Разумеется, я не могу проявить к своей пижамке столь вопиющего вандализма. Она, можно сказать, единственно, что осталось у меня от родного мира, поэтому хватаю первое, что попадается под руку и поворачиваюсь к привередливому зеркалу.
– Куды ты сорочку покойной венари Кэтарии потащила?! – возмущенно завопило оно. – Немедленно поклади на место, бестолковка! Разве ж нынче найдешь такой тонкий шелк, а кружева, а? Разучились девки кружева плести! Поклади, говорю, немедленно. Вон, свою рубашонку сымай. Ткань, грубя, мятая – в таком только служанки ходють, – и ни кусочка кружавчиков. Рази ж благородная венари может на себя подобное надеть?
– Не сниму! – протестую я, крепче стягивая у шеи воротник пижамной рубашки. – И ткань вовсе не грубая, а очень даже мягкая, настоящий гипоаллергенный хлопок....
– Гипполергенный? Лошадиный что ли? Вот еще, лошадиной вони в гардеробной венери не хватало! – зеркало даже дребезжит от возмущения.
– Сыпи от него не бывает, раздражения, – поясняю я.
– А-а-а, раздражения. Тады оставляй. Но что-то твой лошадиный хлопок не больно помогает, какая-то ты слишком раздраженная, – в голосе зеркала слышится сомнение.
– К тому же, у вас такого точно не достать, – продолжаю настаивать я. – Эксклюзив, можно сказать. А сорочка эта все равно вся грязная, кружавчики же в случае чего можно и отпороть! Я все сказала! Я здесь хозяйка и я решаю, а ты, подскажи-ка лучше, где можно эту сорочку намочить, чтобы наконец отмыть тебя, ведь ты так… такая красивая, – чуть было не обращаюсь к зеркалу в среднем роде, но вспоминаю, что оно представилось – денфа Мирела. Не стоит обижать запертую в зеркале душу, да еще и духа дома. Тем более, что она все больше напоминает бабушек у подъезда, а им только попадись на язык.

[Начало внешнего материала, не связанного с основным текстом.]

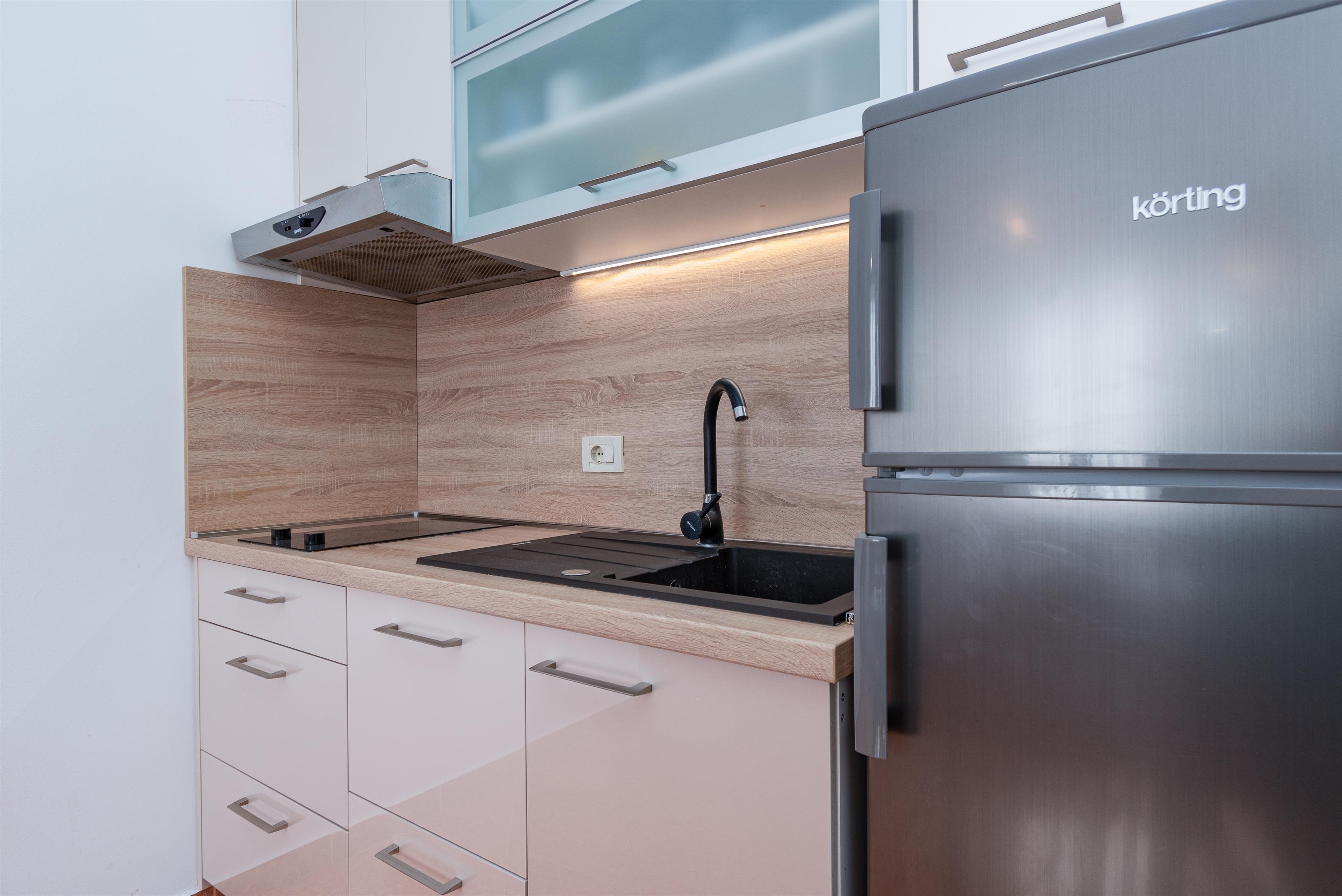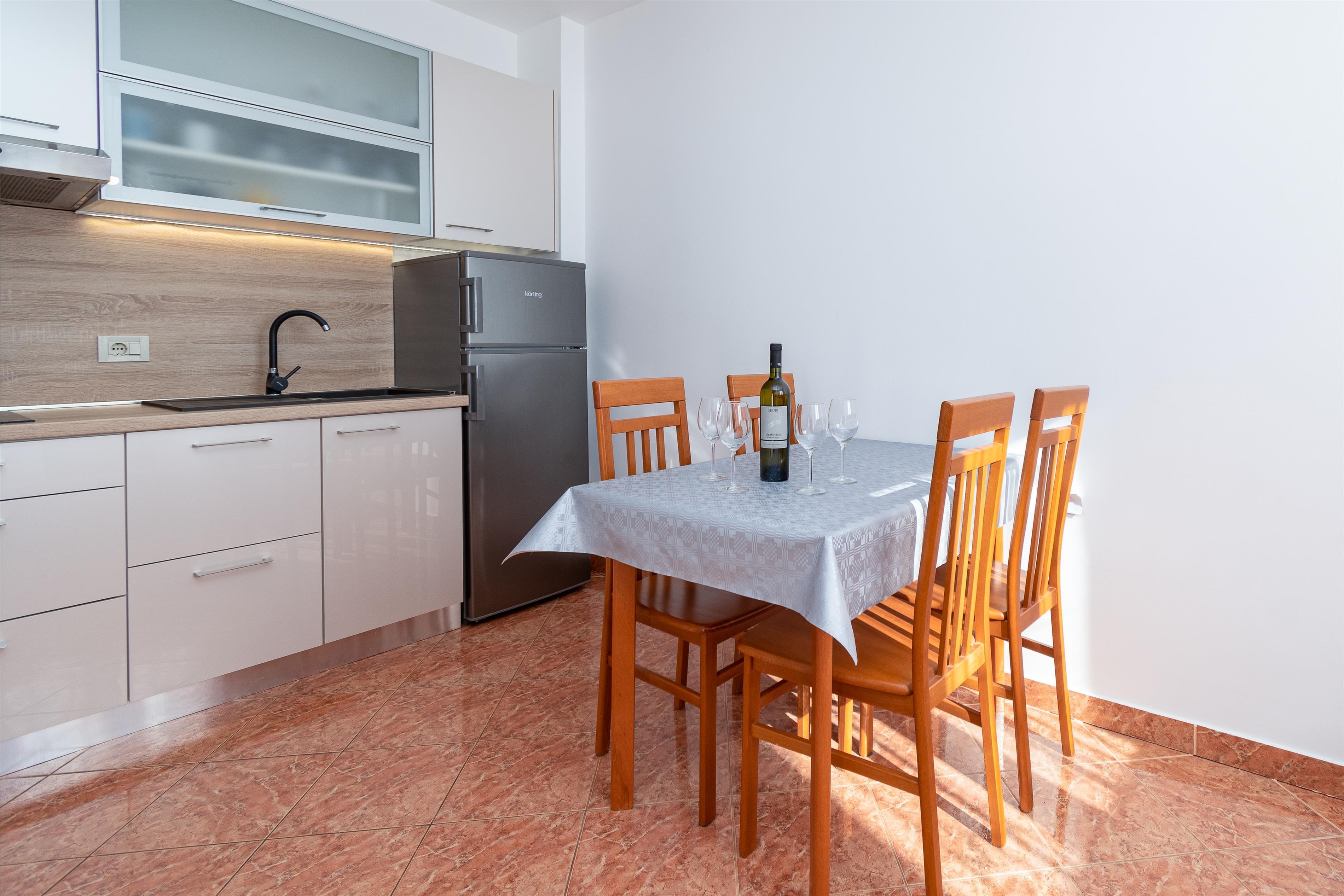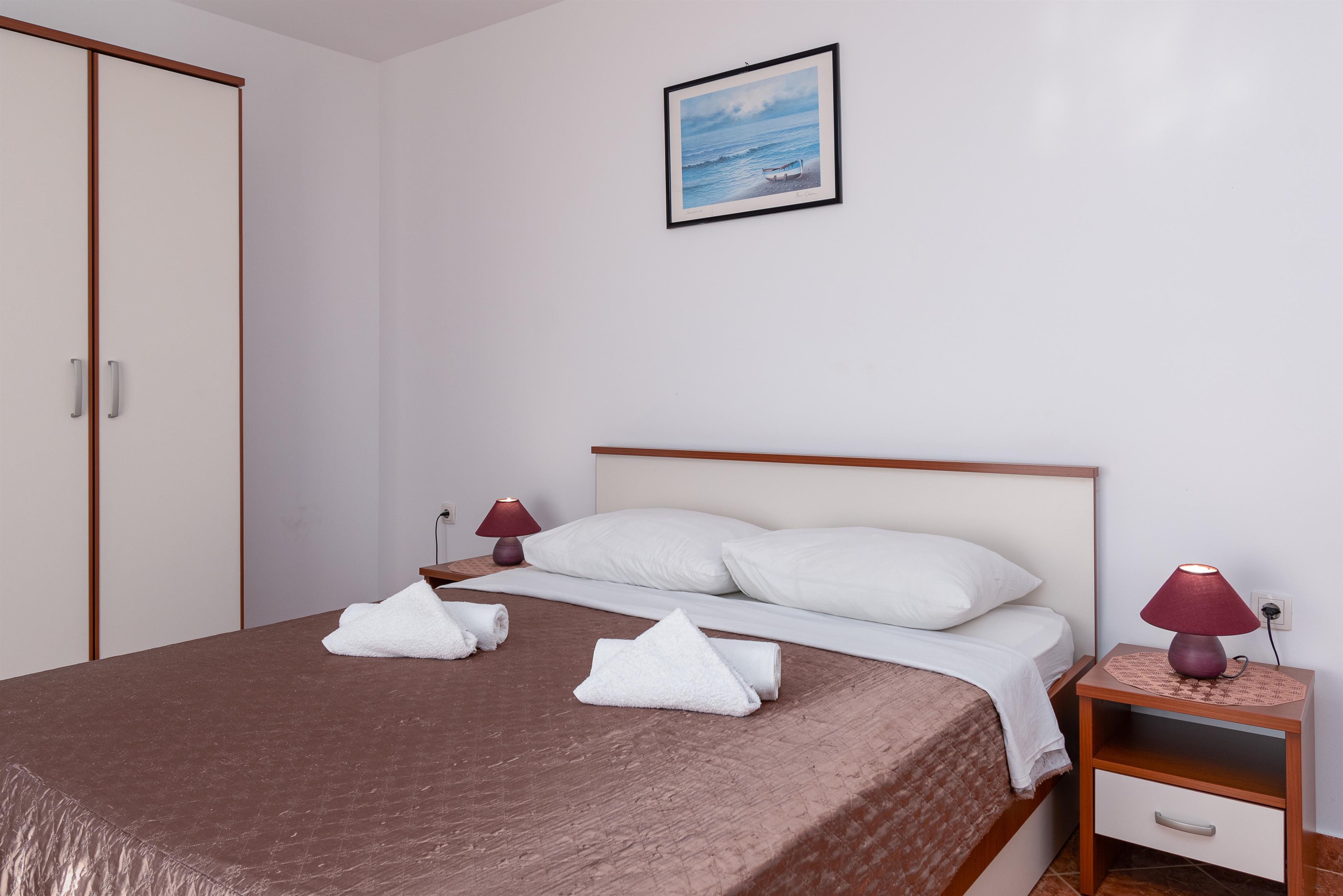 Apartment can accommodate 5 guests. Beds are situated in 2 sleeping rooms, but also in the living room, within 68m2. Guests can use a private balcony to enjoy the warm summer evenings. The apartment offers the sea view. Food can be prepared using barbecue which is shared with other guests too. Shared pool is on disposal during stay. This accommodation unit welcomes pets at an additional charge.

– Наконец-то вспомнила, – Мирела ворчит, но в голосе прорываются довольные нотки. – А то все за свою рубашонку переживала. Ужо дай мне волю, наряжу так, что станешь первой красавицей. Давай же скорее, мой меня. А сорочку, уж так и быть, можешь забрать. Вон, видишь, справа от тебя дверца? Вот за ней уборную и найдешь. Да шевелись же, что ты как мертвая? Так ни одного жениха не догонишь.
А, то есть они здесь еще и убегают?
Это местное развлечение такое – догони мужчину и сделай его своим женихом?
Хм… Может, венары Неф поэтому и сбежали один за другим, что ожидали моей погони за ними?
Ну, пусть и дальше ждут. Ожидание тренирует терпение.
С этими мыслями я толкаю дверцу, с трудом найденную за заваленной нарядами ширмой, шагаю в «уборную», как ее назвала Мирела и застываю на месте. Только челюсть едва не стукается о плитку пола.
Вот это… даже не знаю как назвать, но точно не уборная, которая ассоциируется у меня со скворечником на улице.
Нет, это великолепное помещение, облицованное нежнейшей лилово-розовой глазированной плиткой с крохотными золотистыми крапинками, создающими эффект волшебного мерцания, пробивающегося даже сквозь слой пыли. Чисто девочковая ванная. Офигенная и крышесносная. Если бы у меня были необходимые средства, то мечтала бы именно о такой.